The associated loss of vision, if present, is significant.
MODERATOR:
Given your description of the development of cataracts, how often should we be
getting eye exams?
KNOLLE:
Thinking of the people that are in the cataract age group, age 60 and over, I
would think it would be prudent to be examined yearly to be certain that
corrective lenses were up to date and as fully corrective as they can be made.
MEMBER QUESTION:
I was told by my ophthalmologist recently I had the starting of a cataract in
one eye. How long should I wait to have surgery on it? Should I wait until the
other eye starts getting one to have anything done?
KNOLLE:
When a patient develops a cataract in one eye that is causing a loss of vision
to less than useful levels, it's time to have the cataracts removed and replaced
with an intraocular lens. The best guideline is to keep in mind that we want to
keep both eyes in as good a repair as we possibly can. Once a significant
cataract develops that reduces the vision in one eye, we know two things for
sure: one is that the patient is out of spares, and number two, their ability to
judge distance is deteriorating.
Many years ago, patients were told that the cataract should not be removed
until it was "ripe." This was because prior to the 1970s, the entire crystalline
lens was usually removed and it was easier to remove the lens if its
attachment's zonules were weak. The analogy was that it's easier to pull a pear
off a tree if it's ripe than if it's green. If it's green you could pull the
tree down trying to pull the pear off. When the entire lens was removed through
a large 180-degree incision, the surgeons preferred that the lens could be
easily removed so that the fluid behind the lens would not be disturbed.
Beginning in the 1970s, small-incision cataract surgery became gradually more
and more popular as a result of the late Dr. Charles Kelman from New York City.
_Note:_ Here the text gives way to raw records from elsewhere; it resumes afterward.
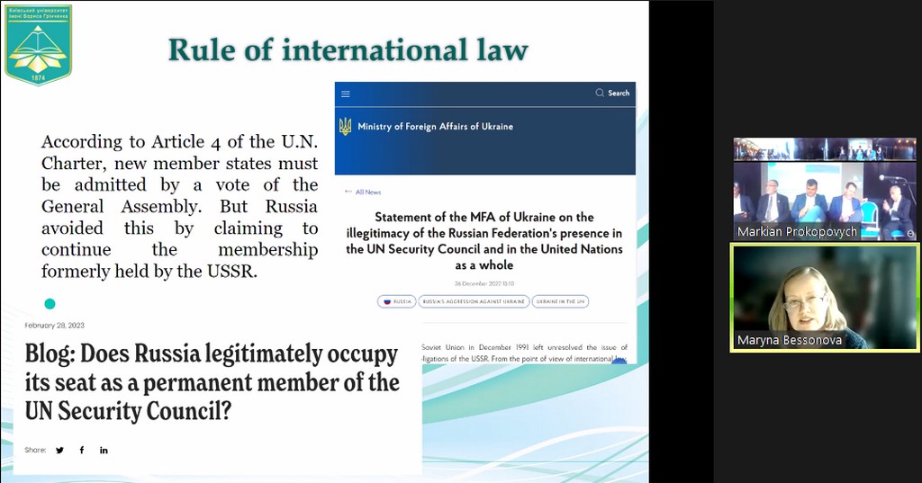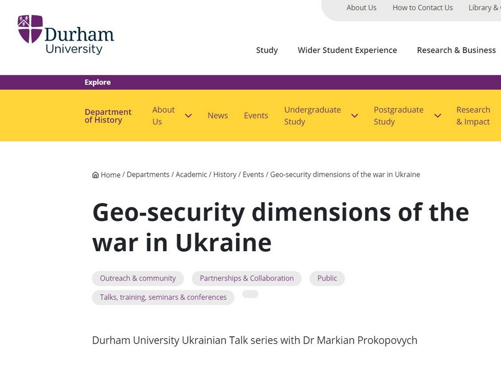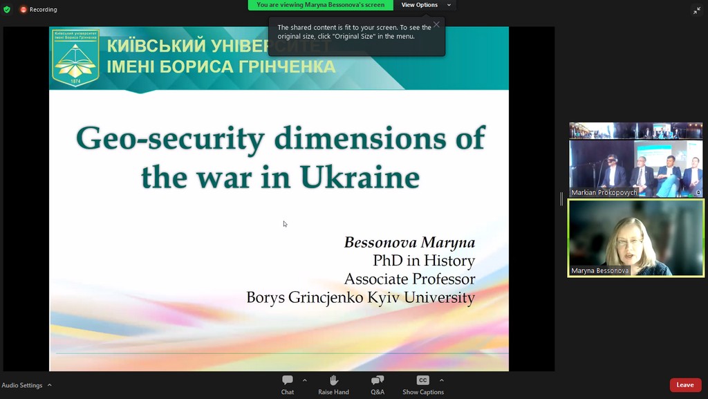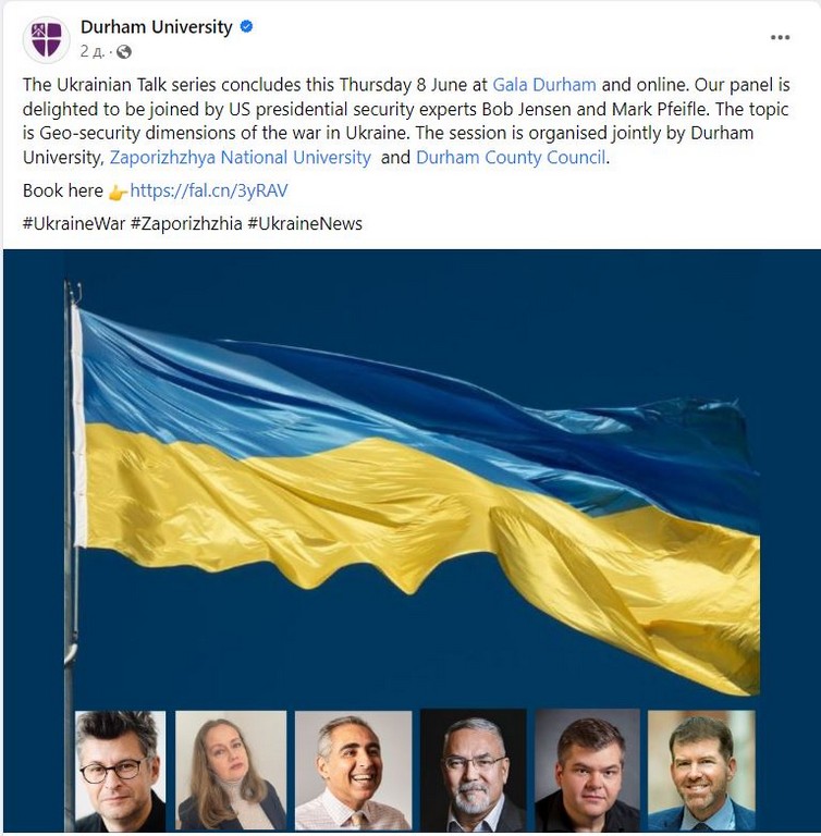 “Ukrainian Talks” – це серія зустрічей у змішаному форматі, покликана привернути увагу до проблематики російсько-української війни. 08 червня 2023 р. відбулася панельна дискусія на тему «Geo-security dimensions of the war in Ukraine», присвячена змінам у глобальних вимірах питань безпеки, в якій взяла участь Марина Бессонова, доцент кафедри міжнародних відносин Київського університету імені Бориса Грінченка. Ідея проєкту та координація його проведення належить професору Даремського університету (Durham University) Маркіяну Прокоповичу, який зміг зібрати цікавих спікерів з України, Великої Британії, США тощо. “Ukrainian Talks” – один з вимірів підтримки України, завдяки якому британське академічне середовище сприяє поширенню українських інтерпретацій російсько-української війни та обговоренню наслідків російської агресії для України та світу. Цей проєкт – один з прикладів співпраці між Даремським та Запорізьким національним університетами, завдяки академічним контактам з останнім кафедра міжнародних відносин також долучилася до цього проєкту.
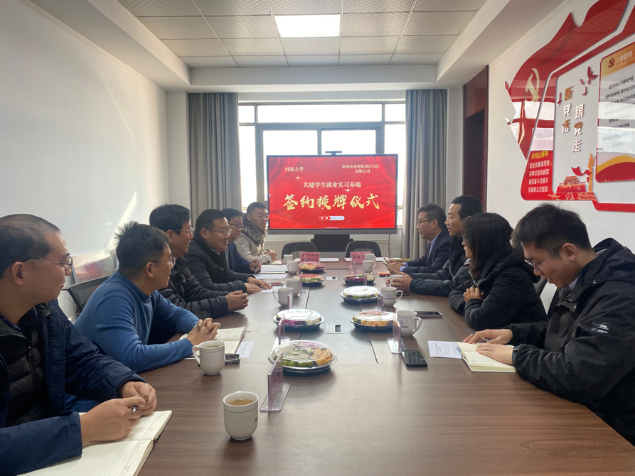 12月28日,91热爆 与常州水利规划设计院举行院企合作签约暨“就业实习基地”揭牌仪式。常州水利规划设计院有限公司执行董事孙峰,技术顾问滕田根,咨询室主任王强,经营部主任刘林,副总工程师柏军,设计一室主任杨新,学校产业技术研究院副院长刘建峰,学院党委书记娄健,学院党委副书记戴媛媛,辅导员侯开智、陈辰参加仪式。
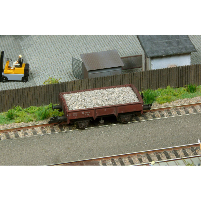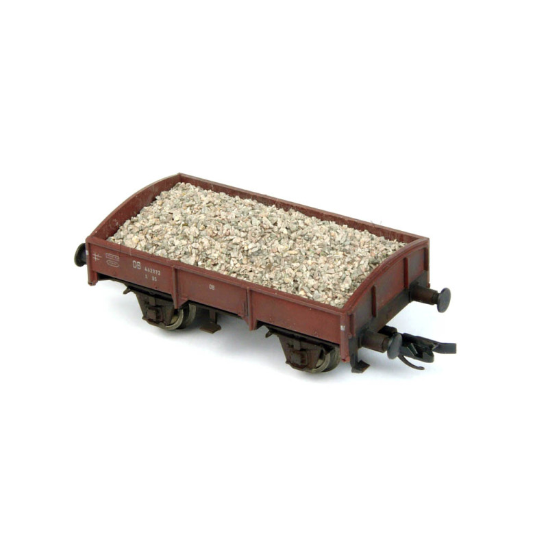 Náklad štěrku do vozů X PMT. Vyrobeno z pravého štěrku. Náklad ve vozech drží pevně, nevypadává, ale lze jej kdykoli vyjmout opatrným zasunutím např. špendlíku mezi náklad a bočnici vozu a vypáčit ven.
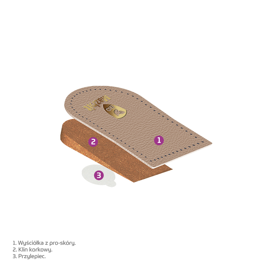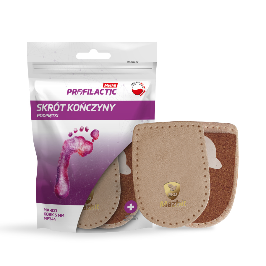 Zastosowany w nich korkowy profil pozwala podeprzeć piętę krótszej nogi i tym samym wyrównać asymetrię długości nóg bez konieczności kupowania dwóch różnych butów i stosowania obcasów. Podpiętki umożliwiają wyrównanie skrótu o 5 lub 10 mm. Wyściółka z pro-skóry jest przyjemna w dotyku i zmniejsza ryzyko odparzeń oraz powstawania odcisków. Do utrzymania jej w czystości wystarczy wilgotna szmatka i delikatny detergent.
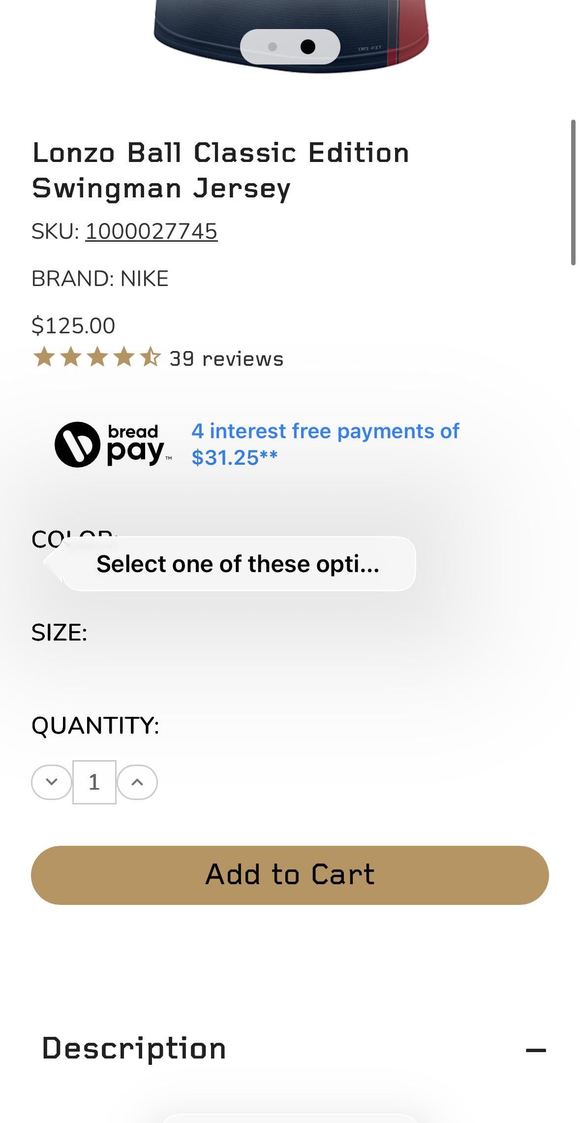 Look, trying to purchase a Lonzo Ball city jersey off of the shop but i cannot adjust the size or anything. Every time I try to “add to cart” that pop up appears and that’s it. Can anyone assist please🙏

Currently, almost every good cataract surgeon in the world uses this
small-incision technique called phacoemulcification. During this operation,
parts of the lens are selectively removed and a part of the lens is left behind
to support an intraocular lens. A 3-millimeter or less incision is required. The
anterior capsule of the lens is opened and removed through the dilated pupil and
ultrasound, in association with irrigation of balanced salt solution and
aspiration, is used to soften and emulsify the lens material so that it can be
aspirated through this small incision.
We now use foldable injectable intraocular lenses that can then be delivered
into the remaining lens capsule supported by the zonules. The injected, foldable
intraocular lens spontaneously unfolds and the incision can be closed by
injecting balanced salt solution into the margins of the incision without the
use of sutures that can create unwanted astigmatisms. If corneal astigmatism is
present, it can be treated with relaxing corneal incisions in the periphery of
the cornea at the same time cataract surgery is performed.